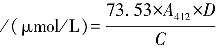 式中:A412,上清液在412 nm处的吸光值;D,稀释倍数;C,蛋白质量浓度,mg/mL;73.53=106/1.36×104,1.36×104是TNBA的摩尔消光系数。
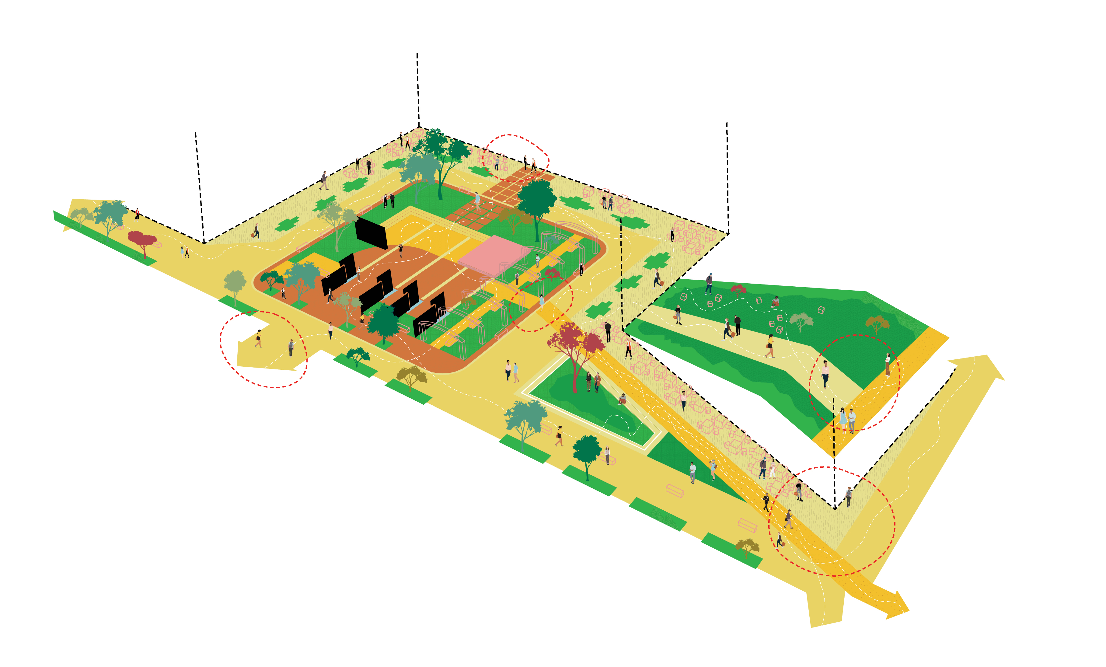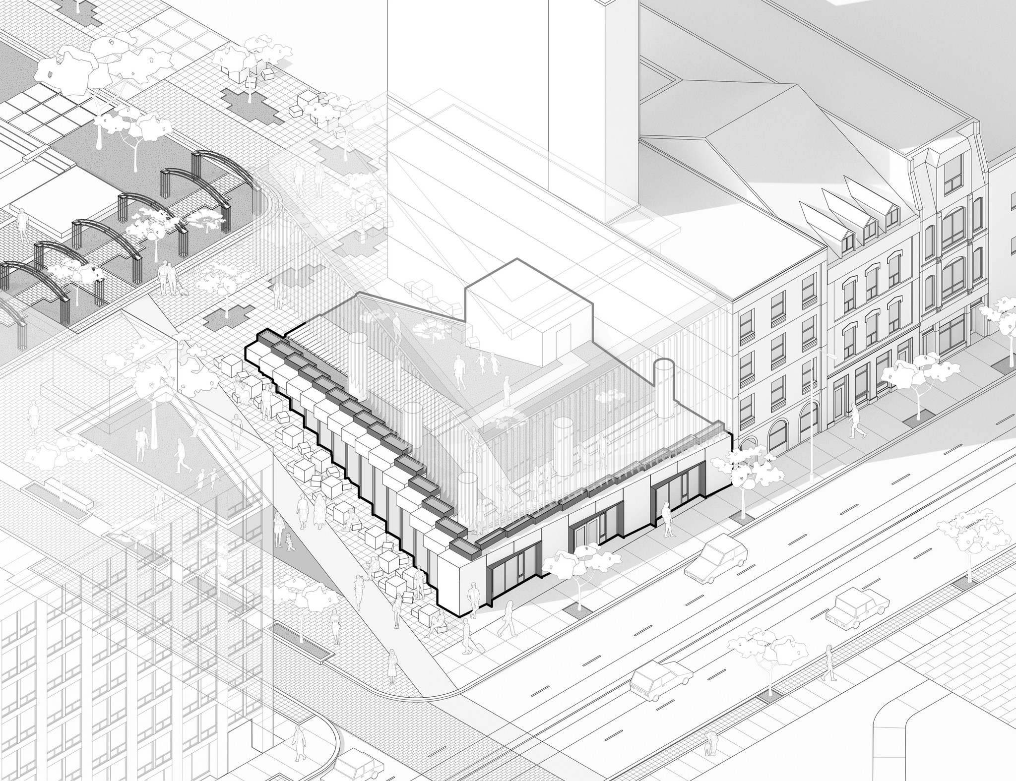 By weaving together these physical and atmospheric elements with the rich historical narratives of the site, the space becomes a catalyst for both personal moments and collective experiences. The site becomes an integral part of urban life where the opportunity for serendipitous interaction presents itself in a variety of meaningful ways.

---

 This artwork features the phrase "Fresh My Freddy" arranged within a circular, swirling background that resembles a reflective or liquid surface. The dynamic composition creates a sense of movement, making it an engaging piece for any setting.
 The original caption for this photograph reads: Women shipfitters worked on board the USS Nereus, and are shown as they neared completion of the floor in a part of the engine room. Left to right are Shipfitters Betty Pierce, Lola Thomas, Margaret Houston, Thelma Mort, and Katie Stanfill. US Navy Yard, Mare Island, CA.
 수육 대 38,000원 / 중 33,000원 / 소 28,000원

* **Exercise details**: Copy exactly, without pictures, the lines above from the one with "式中:A412,上清液在41" down to the one with "By weaving together", inclusive.

* **Answer box**:
 式中:A412,上清液在412 nm处的吸光值;D,稀释倍数;C,蛋白质量浓度,mg/mL;73.53=106/1.36×104,1.36×104是TNBA的摩尔消光系数。
 By weaving together these physical and atmospheric elements with the rich historical narratives of the site, the space becomes a catalyst for both personal moments and collective experiences. The site becomes an integral part of urban life where the opportunity for serendipitous interaction presents itself in a variety of meaningful ways.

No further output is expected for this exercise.